This operational guide walkthroughs a checklist of steps to onboard large sized datasets ( >100 TiB in size including all replicas), into the Filecoin network. This guide is suitable for data owners that are seeking an introduction to the onboarding process.
The end-to-end data flow is covered at an introductory level, from planning, through to retrieval testing. This guide is intended as a top-level guide that summarizes each step, while providing references to more detailed documentation.
This guide provides a walkthrough usage of the primary client-side tool set, namely Singularity, supported by Boost, and Lotus client.
- 1.Understand the large data onboarding reference architecture.
- 2.Select datasets for onboarding, estimate sizing.
- 3.Allocate storage funding with DataCap, or FIL tokens.

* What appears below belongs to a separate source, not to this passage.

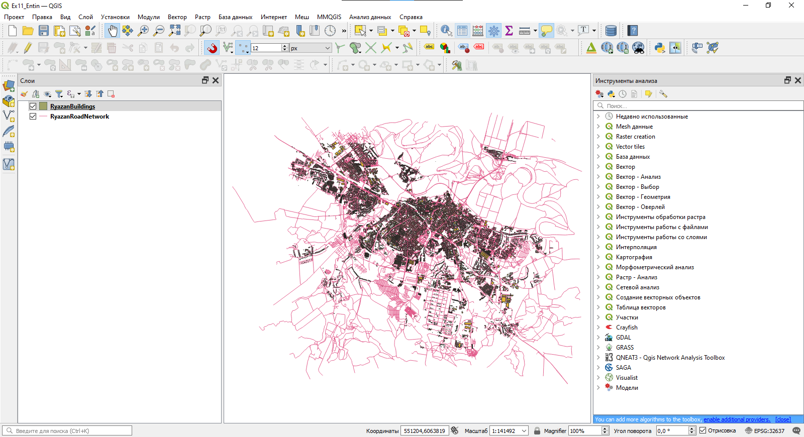 Добавьте в проект слои RyazanRoadNetwork (улично-дорожная сеть) и RyazanBuildings (здания и сооружения). Оба этих слоя подготовлены на основе данных OpenStreetMap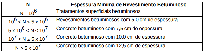 (Tabela de espessura mínima de revestimento betuminoso que depende do número N)

- 4.Select Storage Providers
- 5.Setup Storage Gateway environment
- 6.Prepare Data
- 7.Replicate Data to SPs, Propose Storage Deals
- 8.Retrieve Data
- 9.Plan next steps
If your organization's dataset is smaller (<100TiB), you may also consider alternatives that may provide simpler and accelerated onboarding paths, such as Chainsafe.storage, Estuary.tech, web3.storage, NFT.storage, and others listed at https://dataonboarding.filecoin.io/